**Problem**
As soon as the line containing "Classic cottage styling" appears in the material below, start returning lines exactly, and end with the line containing "5陳顯達侵魏;甲寅‹五›,魏遣豫州‹府设悬瓠河南省汝南县›刺史拓跋斤將兵拒之。".

═════ Data listing ═════

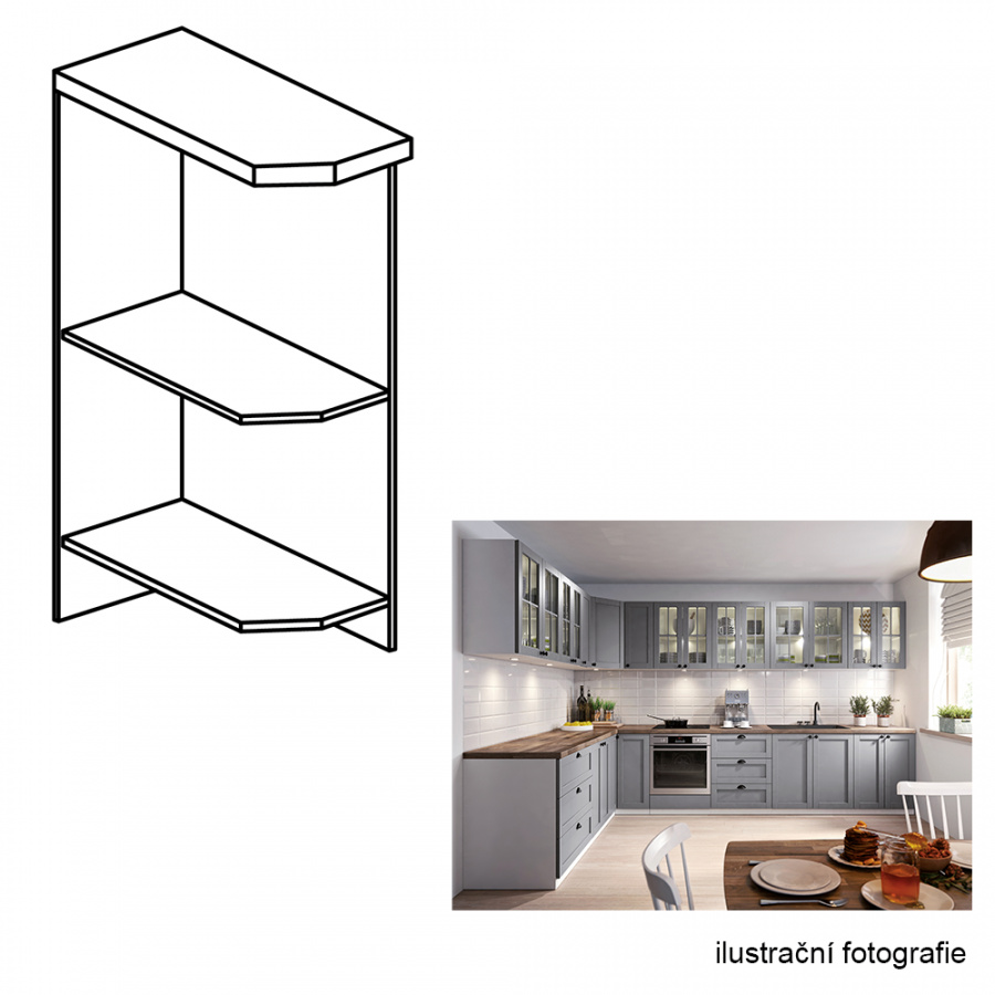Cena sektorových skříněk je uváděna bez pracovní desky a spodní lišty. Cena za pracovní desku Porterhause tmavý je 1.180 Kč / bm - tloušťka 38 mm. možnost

═════
═════ Data listing ═════

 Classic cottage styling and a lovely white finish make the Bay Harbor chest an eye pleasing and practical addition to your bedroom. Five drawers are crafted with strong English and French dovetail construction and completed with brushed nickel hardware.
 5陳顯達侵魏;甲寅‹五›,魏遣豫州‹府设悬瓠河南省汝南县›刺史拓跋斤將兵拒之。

═════

**Solved problem**
 Classic cottage styling and a lovely white finish make the Bay Harbor chest an eye pleasing and practical addition to your bedroom. Five drawers are crafted with strong English and French dovetail construction and completed with brushed nickel hardware.
 5陳顯達侵魏;甲寅‹五›,魏遣豫州‹府设悬瓠河南省汝南县›刺史拓跋斤將兵拒之。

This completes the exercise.